### [Exercise prompt]
Two lines in the listing below mark the span: one contains "sockets. Simply press" and one contains "BIZZOTTO Fioriera con". Reproduce both of them and everything between, exactly.

═════ Exercise inputs ═════

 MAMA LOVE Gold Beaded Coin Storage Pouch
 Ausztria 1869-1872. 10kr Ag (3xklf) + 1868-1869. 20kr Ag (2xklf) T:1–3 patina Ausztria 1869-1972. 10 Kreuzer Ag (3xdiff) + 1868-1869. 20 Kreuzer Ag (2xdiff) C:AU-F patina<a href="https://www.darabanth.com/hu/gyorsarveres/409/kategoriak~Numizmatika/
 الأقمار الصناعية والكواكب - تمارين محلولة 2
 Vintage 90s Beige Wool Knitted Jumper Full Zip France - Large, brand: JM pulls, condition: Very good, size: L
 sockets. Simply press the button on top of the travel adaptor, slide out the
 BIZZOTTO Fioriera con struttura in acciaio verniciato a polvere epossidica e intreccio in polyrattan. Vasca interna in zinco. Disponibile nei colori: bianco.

═════
═════ Exercise inputs ═════

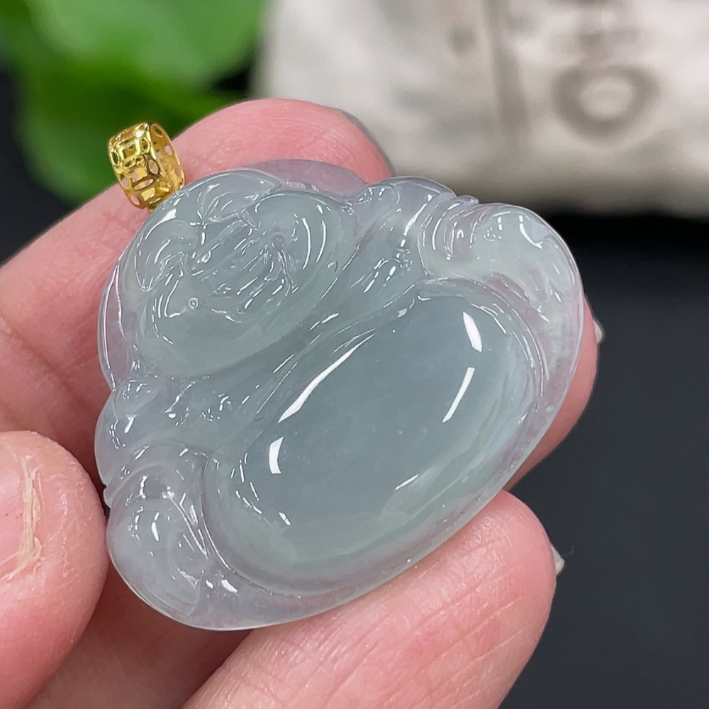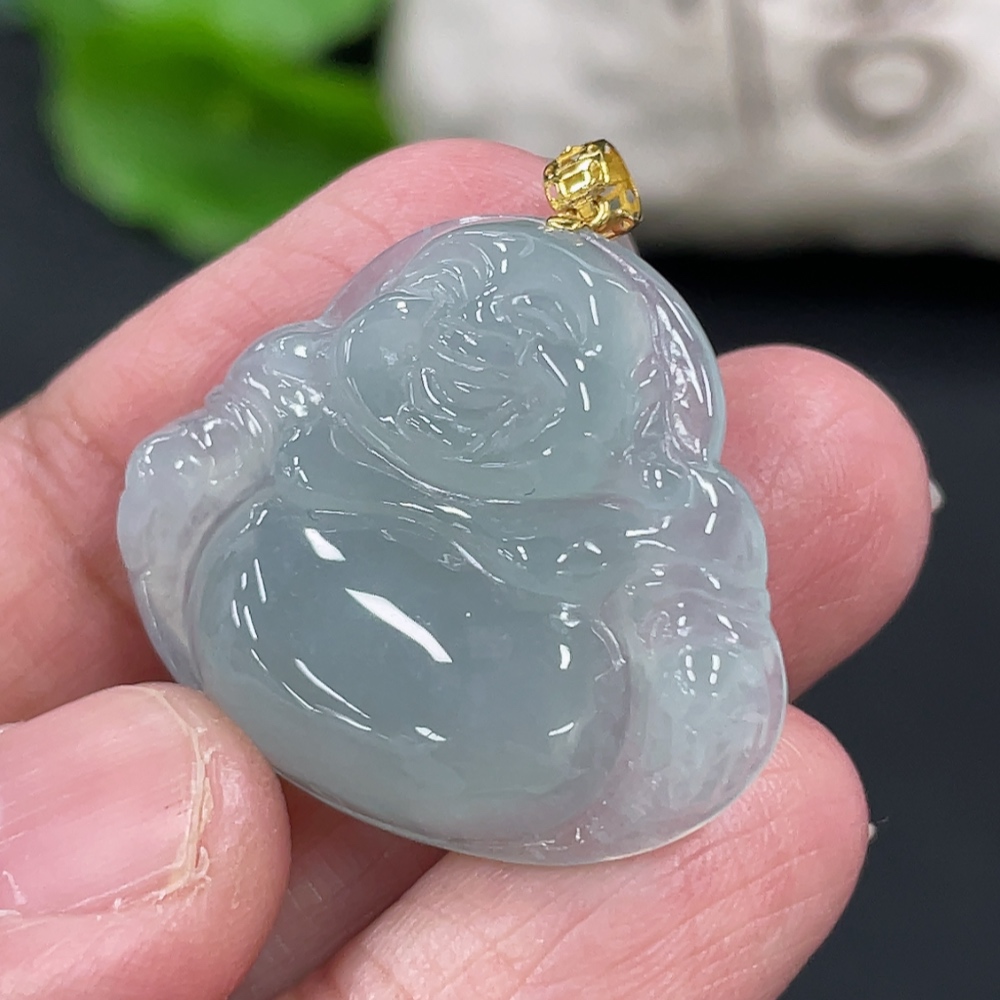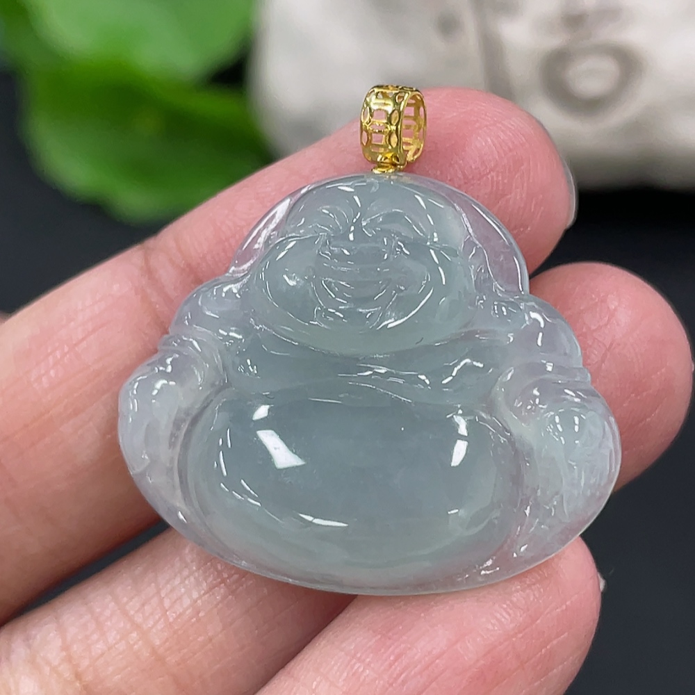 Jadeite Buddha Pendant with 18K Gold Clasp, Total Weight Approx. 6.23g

═════

### [Solution to the problem]
 sockets. Simply press the button on top of the travel adaptor, slide out the
 BIZZOTTO Fioriera con struttura in acciaio verniciato a polvere epossidica e intreccio in polyrattan. Vasca interna in zinco. Disponibile nei colori: bianco.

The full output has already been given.